There are some additional caveats. In theory you have to renounce your foreign nationality — in practice there are some exceptions. You also have to adopt a Vietnamese name.
To Renounce or Not to Renounce
There is an immediate issue here; having to lose my existing citizenship. Holding a UK passport has innumerable benefits — travel just being the start of this — but according to Dühn, “in case of marriage with Vietnamese spouse or children, a foreigner would not necessarily have to renounce his or her original citizenship.”
But this is not the real issue. The real issue is the very strong “us and them” mentality that exists in Vietnam. It exists everywhere — outsiders, no matter what colour, race, sex or religion — are always frowned upon. But in Vietnam it has yet to undergo the decades of ‘tolerance’ and ‘integration’ that has been such a feature of the western desire to be cosmopolitan.
This is not Vietnam’s fault. The 19th and 20th centuries in this country were riddled with the intervention of foreign powers, or to put it more directly, the intervention of white males. And through no fault of my own, I come from the same gene pool. Which means that as it stands, I’m always going to be a nguoi nuoc ngoai, and people will continue to refer to me as ong tay. It doesn’t matter how much your Vietnamese family or friends accept you as one of them, you will always be a foreigner.

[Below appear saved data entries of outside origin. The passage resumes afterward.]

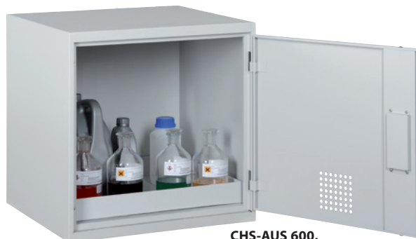
CHS-AUS 600, Artikel-Nr. B80-6223-A
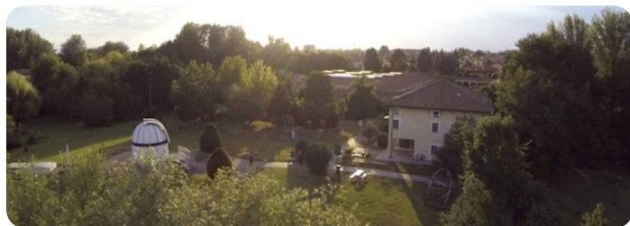
Planetario e Orto Botanico "U. Aldrovandi" vicolo Baciadonne San Giovanni in Persiceto
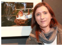
Die Jugend war trotzdem schön und bunt
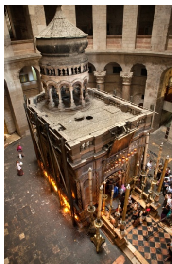
Ryc. 2. Anastasis – edykuła Grobu Pańskiego w Jerozolimie

Charakterystycznym znakiem związanym z Grobem Pańskim stał się podwójny czerwony krzyż patriarchalny, który wygląda jak krzyż łaciński z jedną dodatkową, krótszą poprzeczką powyżej, która ma symbolizować deskę z napisem „Jesus Nazarenus Rex Iudaeorum” (INRI), umieszczoną na krzyżu nad głową Chrystusa. Według legendy Maryja, Matka Jezusa, oznajmiła Jakubowi Młodszemu stojącemu przy ukrzyżowanym Synu, że zostanie pierwszym biskupem prawowiernych w Jerozolimie oraz stróżem Grobu Chrystusa. Mówiąc to, naznaczyła palcem umoczonym we krwi Jezusa krzyż na szacie Apostoła, dodając ową drugą belkę. Umieszczenie w tej scenie podwójnego krzyża, używanego potem przez bożogrobców, miało sugerować i podkreślać ścisły związek tego zakonu z propagowaniem kultu i idei Krzyża Świętego 3 . W tradycji bożo-
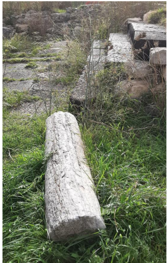
Dettaglio sito Cornus
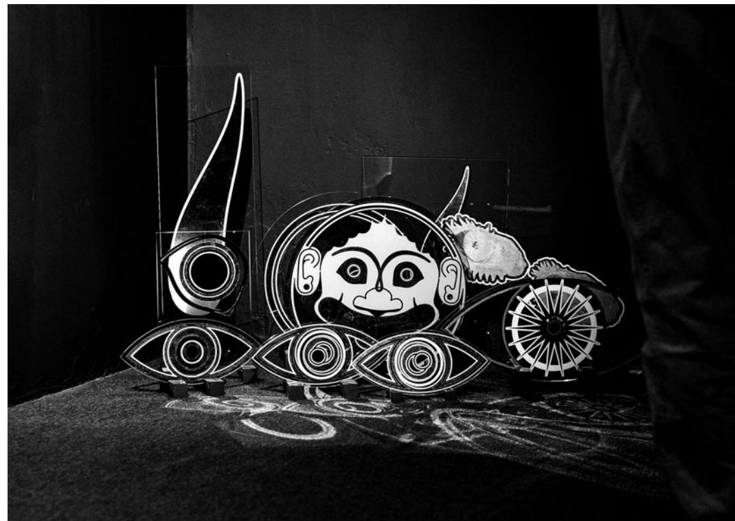
fotografije Vanja Babić

Nagovoreni bakrom povezujemo značenja; Meduza je navodno kosom zavela Atenina ljubavnika, pa joj je kosa za kaznu pretvorena u zmije, a ona slijedom toga u monstruma. Glavni adut privlačnosti postaje čimbenikom nakaznosti, težište je stavljeno na estetiku, ona je prepoznata kao plan na kojem je osveta najefikasnija. Time je na razini mita, po Ateninu mišljenju, ljepota izdvojena kao ključno žensko oružje. Muškarci, međutim, poučeni Odisejem, znaju da, osim ljepotom, žene zavode i pjesmom, to im je također snažno oružje.
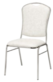
レセプションチェア MR-16-M
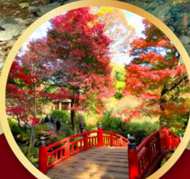
สวนดอกบ๊วยอาคางิ
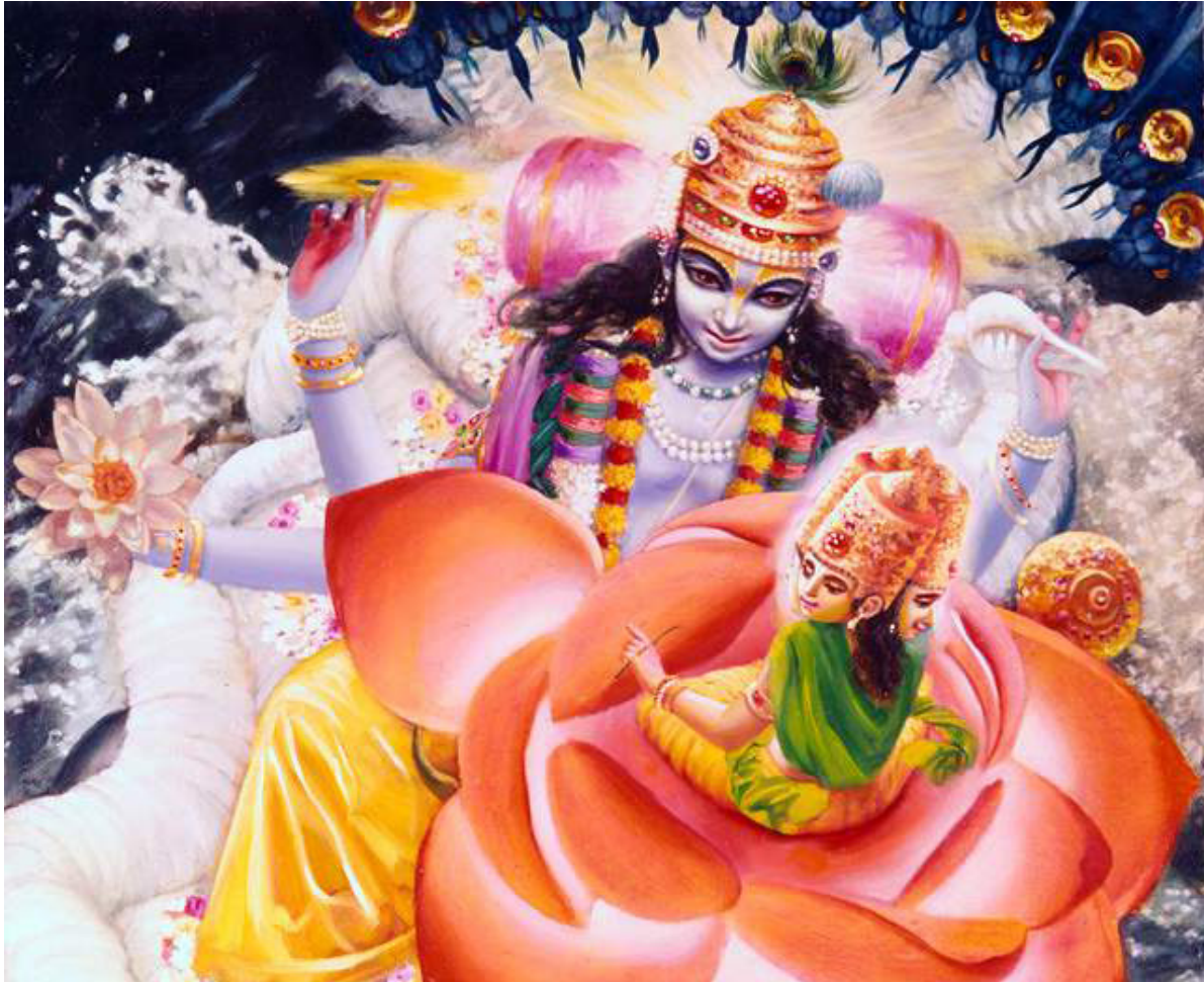
El Señor brahma ofreciendo plegarias al Señor Vishnu

Divinidad transcendental, puede ser sujeto a maya; como las jivas sufren del olvido de sus identidades reales y de las miserias de este mundo cuando Dios vive en ellos como inmanencia.

Then there is the difficulty of understanding Vietnamese culture. It is so complex, so rich, and so full of history and regional variations, and so different to the culture that I was brought up with, that no matter how long I live in this country or how good my language skills, I will never quite get a grasp on it.
So, will I apply for Vietnamese citizenship? Most likely not. Because unlike foreigners moving to the west who can take on new citizenship and become American, British, Australian, French or German, no matter what passport I hold, I can never be Vietnamese
Which is a pity, because I love this country.